Using the data that follows, give again word for word the lines between the one holding "通江法院在司法活动中全程全域" and the one holding "MOLETOM CANGURU LISTRADO - CARAMELO", inclusive. Omit the pictures.
*** Opening Provided information ***
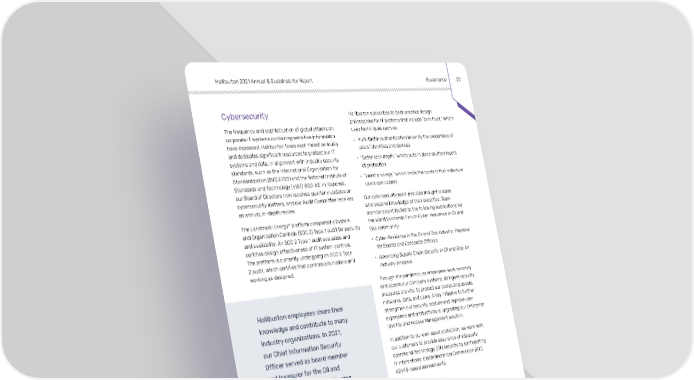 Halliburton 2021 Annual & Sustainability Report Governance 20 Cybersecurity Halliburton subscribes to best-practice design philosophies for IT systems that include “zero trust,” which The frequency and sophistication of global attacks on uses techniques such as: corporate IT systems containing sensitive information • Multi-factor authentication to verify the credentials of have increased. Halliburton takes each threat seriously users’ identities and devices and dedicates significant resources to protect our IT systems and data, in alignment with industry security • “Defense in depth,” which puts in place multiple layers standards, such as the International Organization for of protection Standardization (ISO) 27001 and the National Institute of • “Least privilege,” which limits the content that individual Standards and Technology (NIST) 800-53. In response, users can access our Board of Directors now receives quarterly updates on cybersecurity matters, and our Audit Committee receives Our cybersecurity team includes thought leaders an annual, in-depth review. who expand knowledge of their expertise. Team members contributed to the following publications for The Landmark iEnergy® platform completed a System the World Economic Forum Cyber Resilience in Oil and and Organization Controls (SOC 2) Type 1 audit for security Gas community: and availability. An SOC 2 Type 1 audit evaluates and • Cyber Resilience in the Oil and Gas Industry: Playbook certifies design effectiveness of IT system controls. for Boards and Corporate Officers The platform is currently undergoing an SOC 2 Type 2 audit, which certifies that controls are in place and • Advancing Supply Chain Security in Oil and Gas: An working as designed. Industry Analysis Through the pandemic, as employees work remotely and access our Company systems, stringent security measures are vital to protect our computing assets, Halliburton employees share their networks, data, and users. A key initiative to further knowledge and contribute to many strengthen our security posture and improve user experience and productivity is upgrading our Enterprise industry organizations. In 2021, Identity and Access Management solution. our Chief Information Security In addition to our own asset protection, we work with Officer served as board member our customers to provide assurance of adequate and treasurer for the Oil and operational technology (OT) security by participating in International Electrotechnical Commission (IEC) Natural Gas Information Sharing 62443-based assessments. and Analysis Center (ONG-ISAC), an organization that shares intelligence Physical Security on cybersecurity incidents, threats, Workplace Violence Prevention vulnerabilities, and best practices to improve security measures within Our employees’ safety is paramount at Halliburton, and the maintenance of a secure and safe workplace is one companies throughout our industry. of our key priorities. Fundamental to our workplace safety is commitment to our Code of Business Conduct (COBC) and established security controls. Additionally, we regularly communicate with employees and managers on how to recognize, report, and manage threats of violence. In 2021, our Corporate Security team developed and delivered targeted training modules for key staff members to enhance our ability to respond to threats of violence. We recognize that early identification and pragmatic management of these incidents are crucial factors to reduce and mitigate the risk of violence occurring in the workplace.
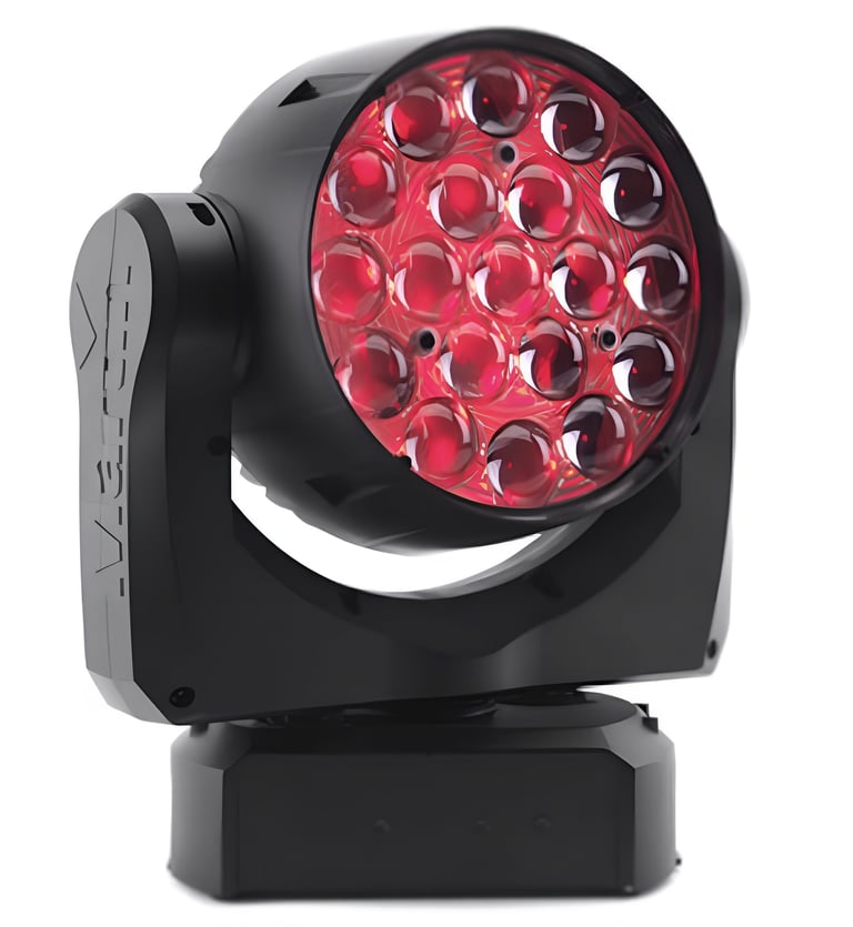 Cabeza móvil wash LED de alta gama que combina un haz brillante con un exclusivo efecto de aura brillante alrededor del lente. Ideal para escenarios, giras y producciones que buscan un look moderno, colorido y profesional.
*** Closing Provided information ***
*** Opening Provided information ***
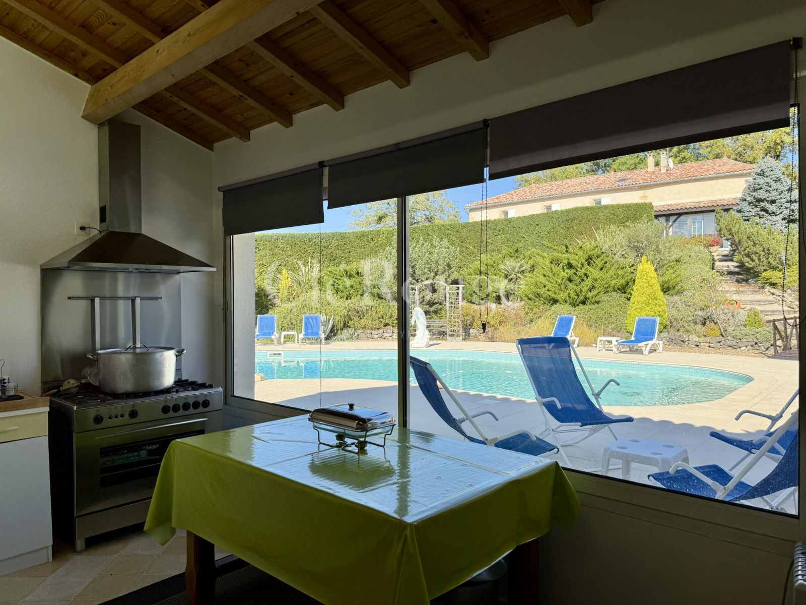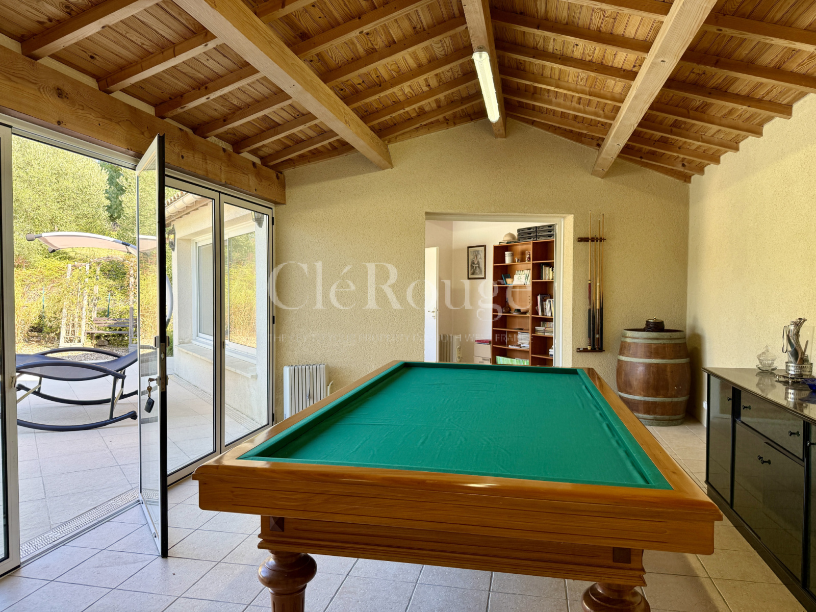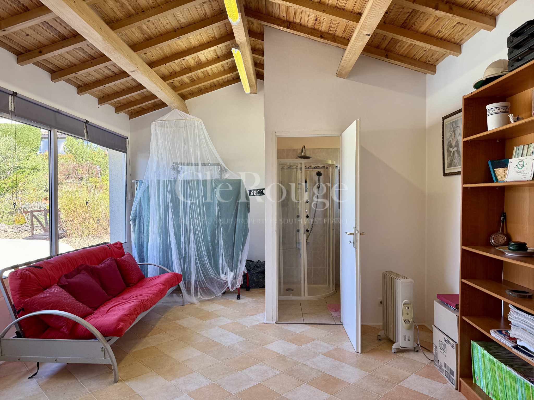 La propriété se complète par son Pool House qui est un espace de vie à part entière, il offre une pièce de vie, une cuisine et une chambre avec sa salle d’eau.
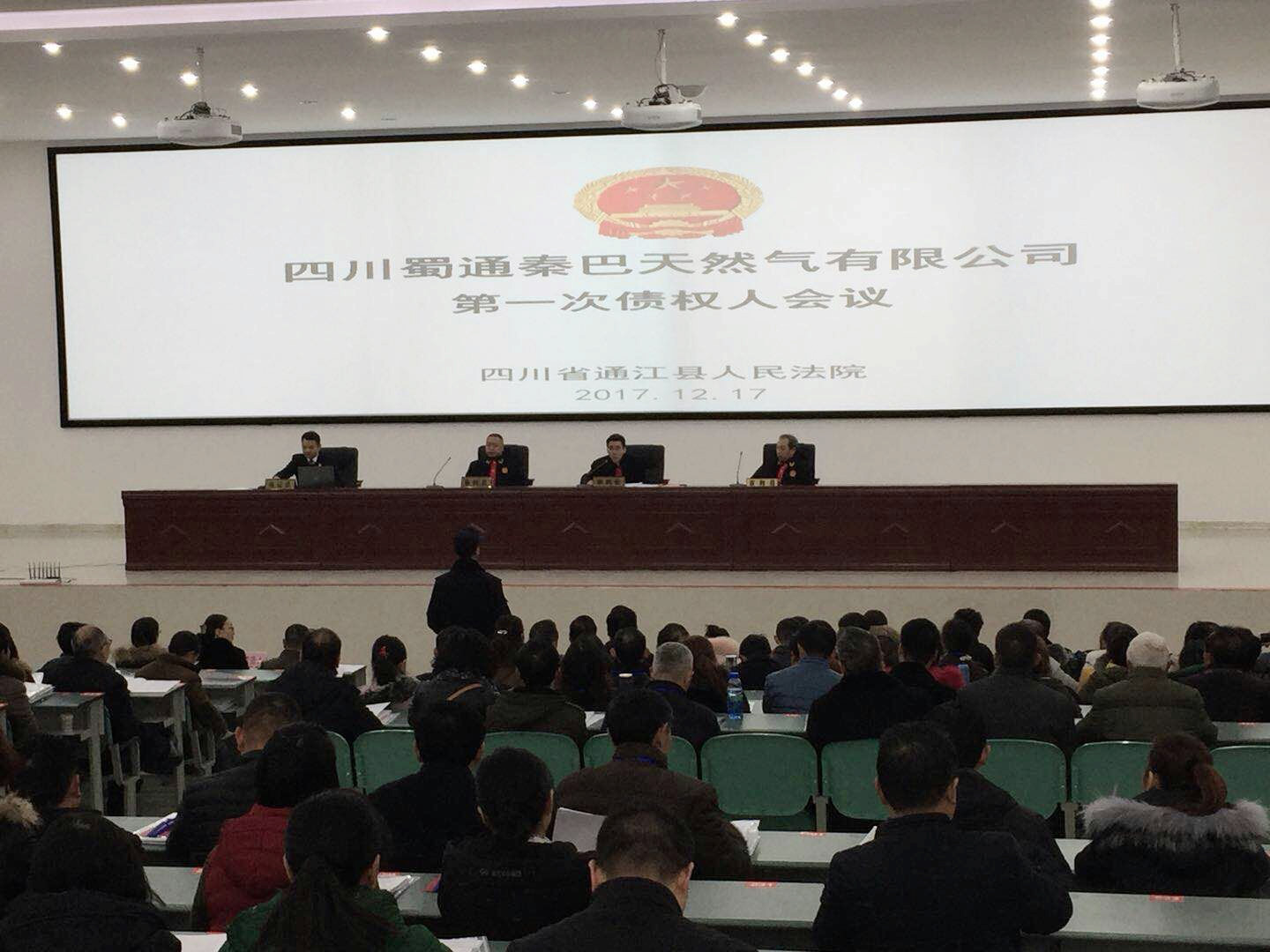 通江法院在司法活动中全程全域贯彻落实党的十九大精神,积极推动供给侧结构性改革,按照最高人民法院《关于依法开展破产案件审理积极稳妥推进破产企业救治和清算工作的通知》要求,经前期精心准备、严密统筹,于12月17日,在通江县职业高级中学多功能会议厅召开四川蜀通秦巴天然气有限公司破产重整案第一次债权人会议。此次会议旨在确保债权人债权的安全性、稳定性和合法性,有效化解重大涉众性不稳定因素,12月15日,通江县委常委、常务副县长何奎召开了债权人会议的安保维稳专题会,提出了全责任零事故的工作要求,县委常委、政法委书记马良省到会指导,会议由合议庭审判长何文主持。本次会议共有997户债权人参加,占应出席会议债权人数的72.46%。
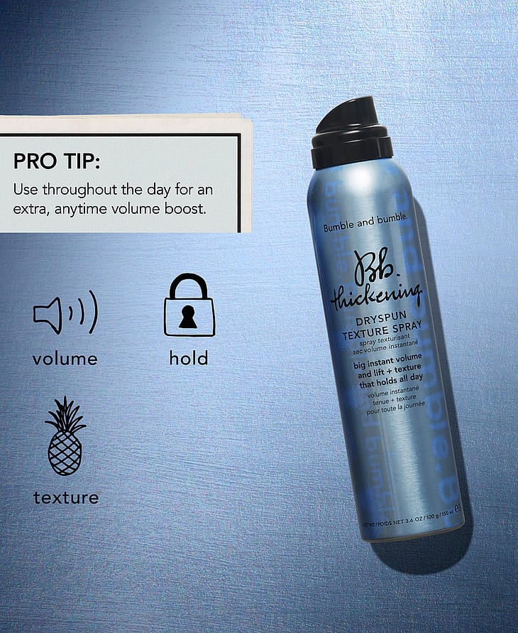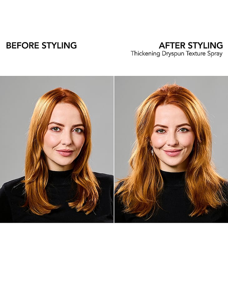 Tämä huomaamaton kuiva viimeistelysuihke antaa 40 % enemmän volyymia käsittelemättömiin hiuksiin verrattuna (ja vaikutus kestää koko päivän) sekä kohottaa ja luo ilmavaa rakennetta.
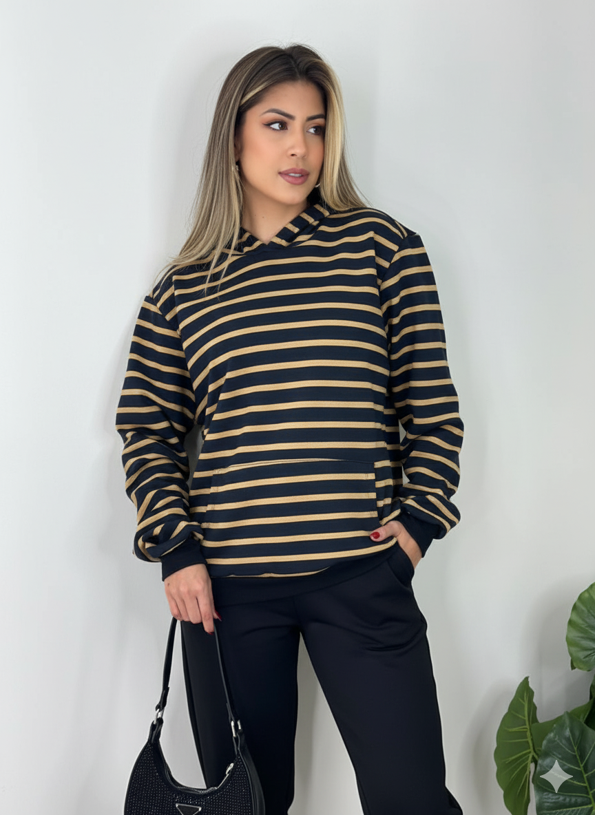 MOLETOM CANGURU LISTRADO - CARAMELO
*** Closing Provided information ***
Result of this task –
 通江法院在司法活动中全程全域贯彻落实党的十九大精神,积极推动供给侧结构性改革,按照最高人民法院《关于依法开展破产案件审理积极稳妥推进破产企业救治和清算工作的通知》要求,经前期精心准备、严密统筹,于12月17日,在通江县职业高级中学多功能会议厅召开四川蜀通秦巴天然气有限公司破产重整案第一次债权人会议。此次会议旨在确保债权人债权的安全性、稳定性和合法性,有效化解重大涉众性不稳定因素,12月15日,通江县委常委、常务副县长何奎召开了债权人会议的安保维稳专题会,提出了全责任零事故的工作要求,县委常委、政法委书记马良省到会指导,会议由合议庭审判长何文主持。本次会议共有997户债权人参加,占应出席会议债权人数的72.46%。
 Tämä huomaamaton kuiva viimeistelysuihke antaa 40 % enemmän volyymia käsittelemättömiin hiuksiin verrattuna (ja vaikutus kestää koko päivän) sekä kohottaa ja luo ilmavaa rakennetta.
 MOLETOM CANGURU LISTRADO - CARAMELO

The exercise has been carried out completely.